## Goal of the exercise
Please output every line of the material as it stands, without the pictures.

======== Provided data

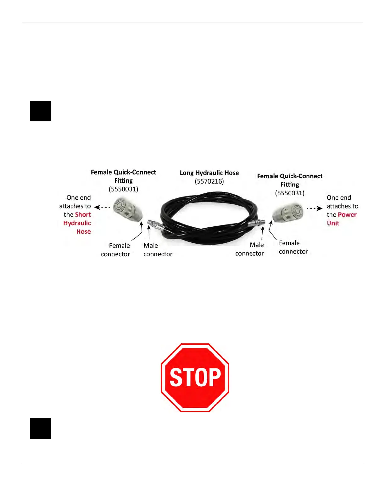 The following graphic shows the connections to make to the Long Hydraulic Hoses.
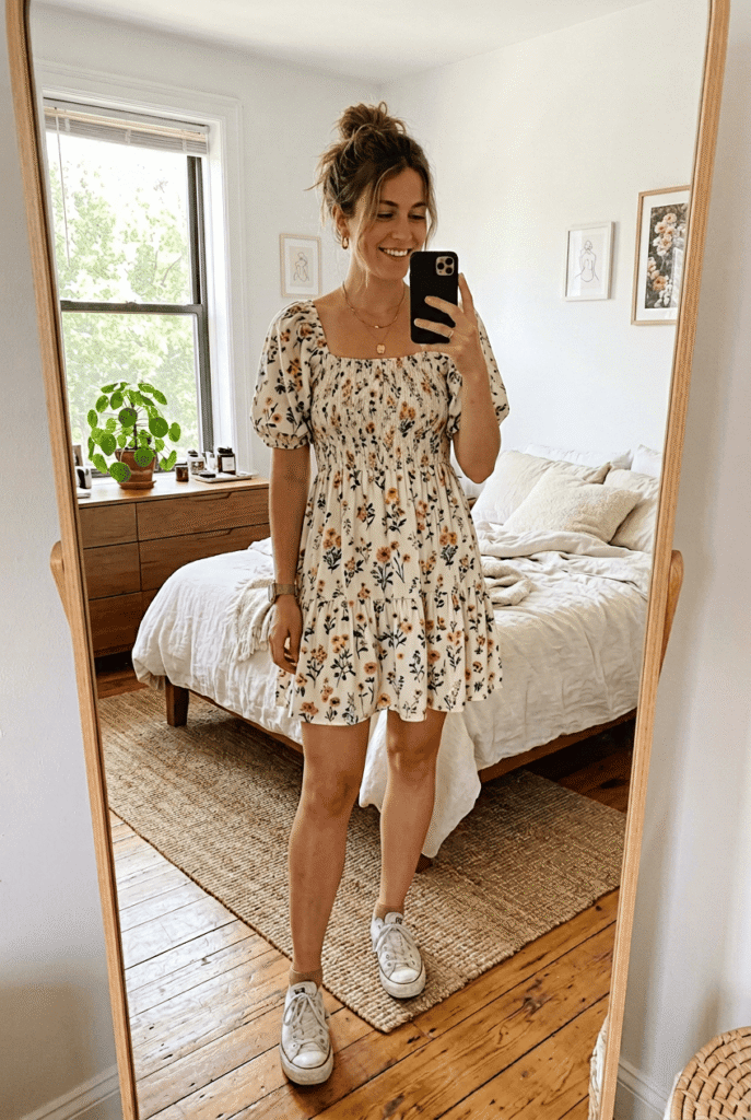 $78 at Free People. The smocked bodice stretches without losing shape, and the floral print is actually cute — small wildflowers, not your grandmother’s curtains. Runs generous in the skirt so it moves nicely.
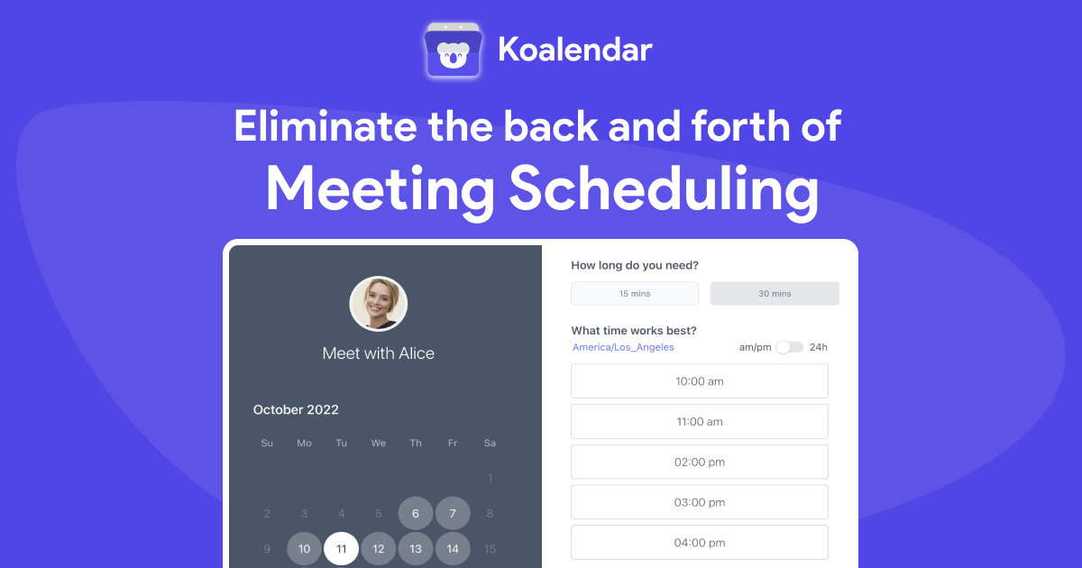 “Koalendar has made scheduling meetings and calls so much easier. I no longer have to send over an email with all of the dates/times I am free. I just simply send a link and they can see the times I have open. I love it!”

================

## Expected output
 The following graphic shows the connections to make to the Long Hydraulic Hoses.
 $78 at Free People. The smocked bodice stretches without losing shape, and the floral print is actually cute — small wildflowers, not your grandmother’s curtains. Runs generous in the skirt so it moves nicely.
 “Koalendar has made scheduling meetings and calls so much easier. I no longer have to send over an email with all of the dates/times I am free. I just simply send a link and they can see the times I have open. I love it!”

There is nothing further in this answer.